New director elected to a three-year term on UNC’s Athletic Council is:

  • L. Ferguson “Ferg” Norton ’61 of Wilmington. Norton is treasurer of the First Flight Foundation. As the foundation’s former executive director, he was instrumental in staging commemoration of the Centennial of Powered Flight in December 2003. Also, as a carrier-based fighter pilot in the Navy, he served in five positions of command and retired as rear admiral after 32 years.

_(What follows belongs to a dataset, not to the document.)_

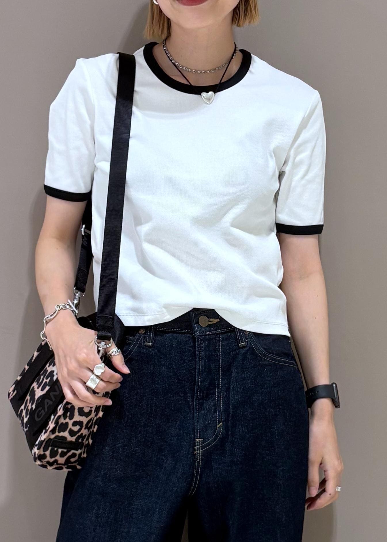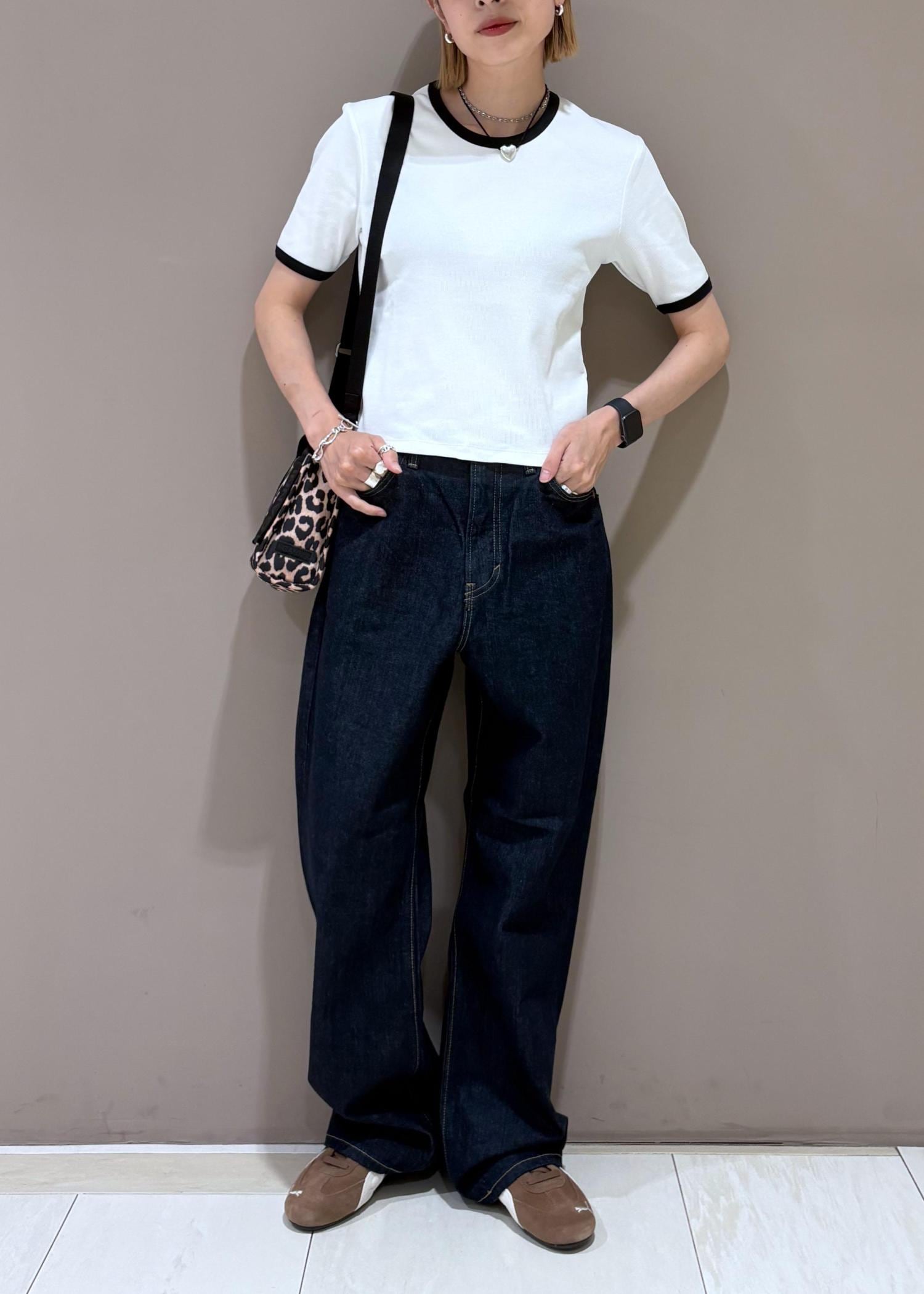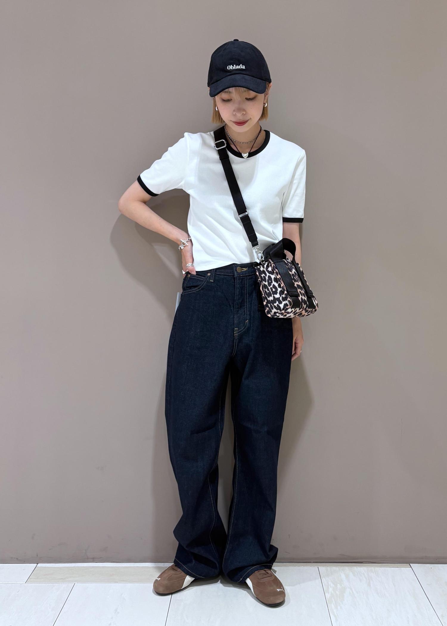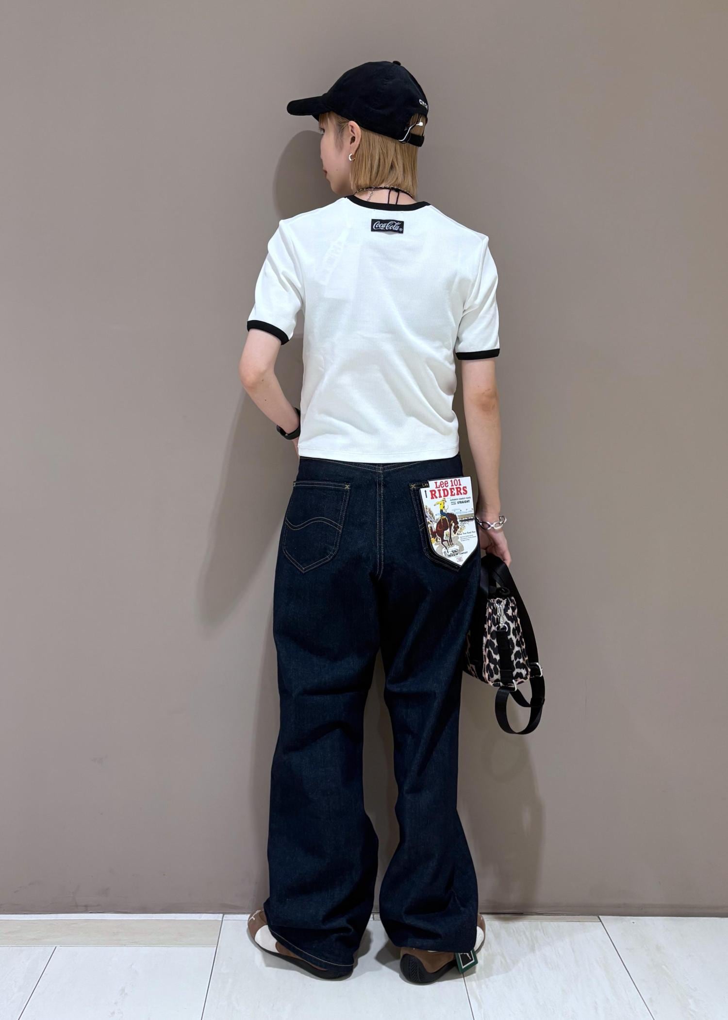 コンパクトタイプのTシャツに、Leeのデニムを合わせてカジュアルスタイルに。

Bland Simpson ’70 of Chapel Hill has been appointed as the faculty representative on the board. Simpson is Bowman and Gordon Gray Distinguished Term Professor of English and Creative Writing, has taught in UNC’s creative writing program since 1982 and was the program’s director from 2002 to mid-2008.He was awarded UNC’s Tanner Faculty Award for Excellence in Undergraduate Teaching in 2004, and he is the author of seven books, including The Coasts of Carolina: Seaside to Sound Country, published in 2010 by UNC Press. Since 1986, Simpson also has been a member of the Tony Award-winning stringband The Red Clay Ramblers.

The board has reappointed William P. Aycock II ’65 of Greensboro as counsel to the board, Anthony Eden Rand ’61 of Fayetteville as treasurer and Dwight M. “Davy” Davidson III ’77 of Greensboro as assistant treasurer.